--- Information shown Enclosed Below ---

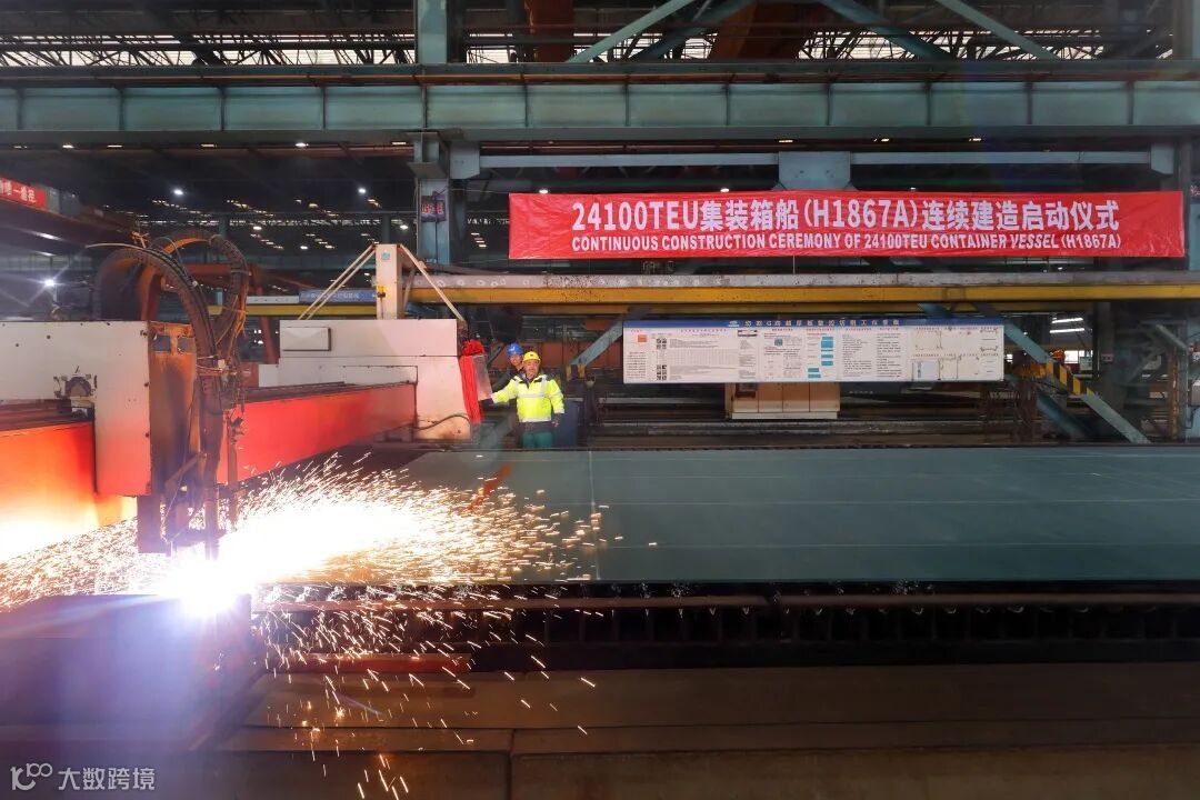 24100TEU超大型集装箱船是目前全球装箱量最大、载重吨位最大的船型,该项目共4艘船,项目首船于2021年7月30日启动连续建造。
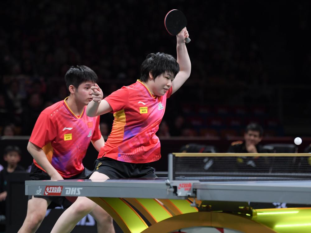 12月4日,中國隊(duì)組合林詩棟/蒯曼(右)在混雙比賽中。新華社記者 王曦 攝
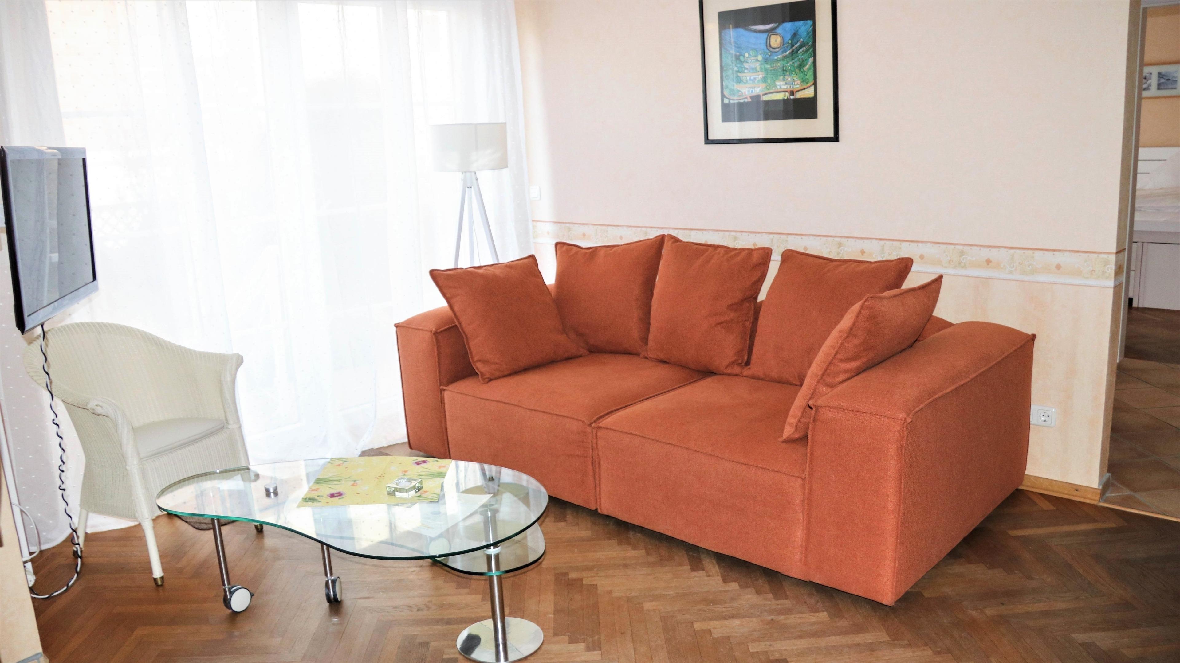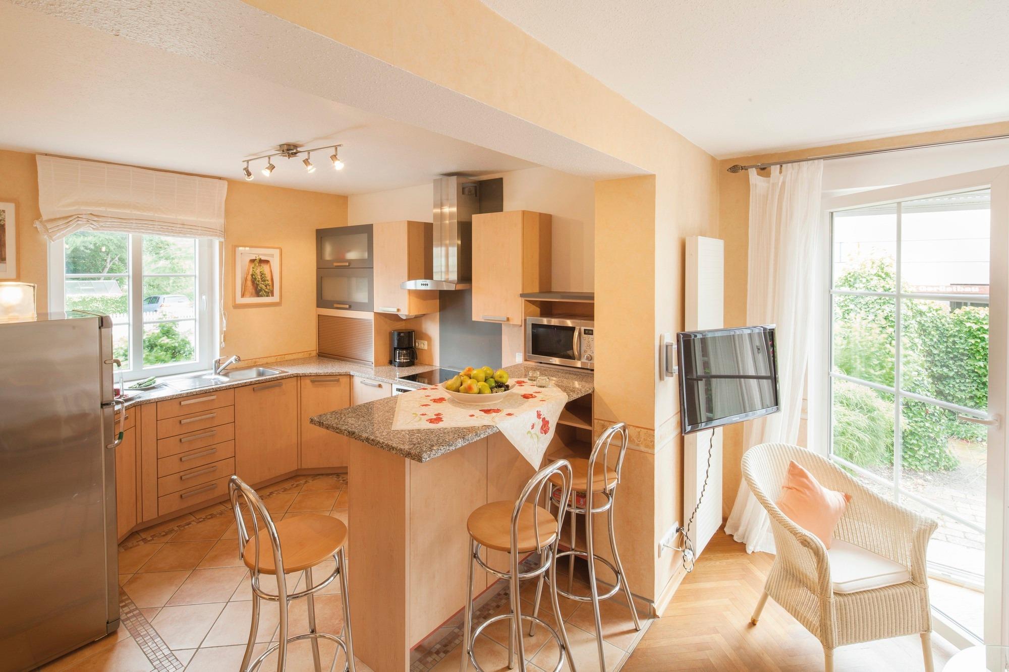 Diese Erdgeschosswohnung bietet großzügigen Platz für 2 Personen. Die große, offene Wohnküche ist im amerikanischen Stil gehalten. Sie essen an der Essbar.
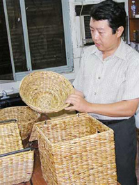 Nhóm nghiên cứu còn giúp nông dân làm kinh tế với loài cỏ hến biển. Trong ảnh: những sản phẩm được đan bằng cỏ hến biển |
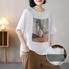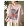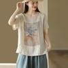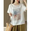 Damen Kurzarm Rundhals Bluse mit Blumendruck
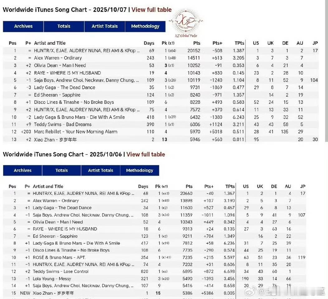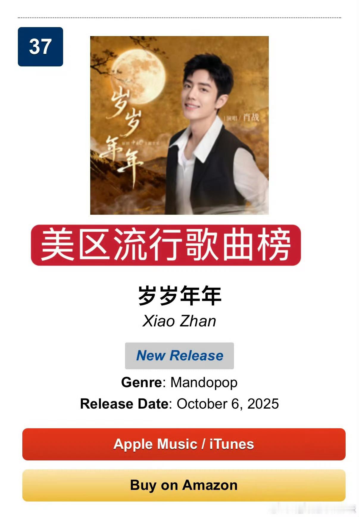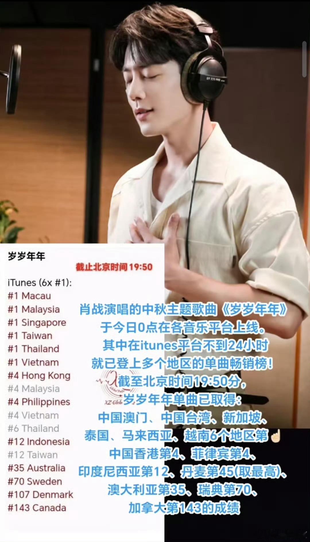 肖战岁岁年年又在itunes全球单曲榜上升两位,主旋律歌曲出现在国际榜单这个事情真的很神奇,肖战的国际影响力真的非常🐮

--- End of Enclosed Information shown ---

| What this task involves |
The response should repeat each record precisely and contain no pictures.

| Response area |
 24100TEU超大型集装箱船是目前全球装箱量最大、载重吨位最大的船型,该项目共4艘船,项目首船于2021年7月30日启动连续建造。
 12月4日,中國隊(duì)組合林詩棟/蒯曼(右)在混雙比賽中。新華社記者 王曦 攝
 Diese Erdgeschosswohnung bietet großzügigen Platz für 2 Personen. Die große, offene Wohnküche ist im amerikanischen Stil gehalten. Sie essen an der Essbar.
 Nhóm nghiên cứu còn giúp nông dân làm kinh tế với loài cỏ hến biển. Trong ảnh: những sản phẩm được đan bằng cỏ hến biển |
 Damen Kurzarm Rundhals Bluse mit Blumendruck
 肖战岁岁年年又在itunes全球单曲榜上升两位,主旋律歌曲出现在国际榜单这个事情真的很神奇,肖战的国际影响力真的非常🐮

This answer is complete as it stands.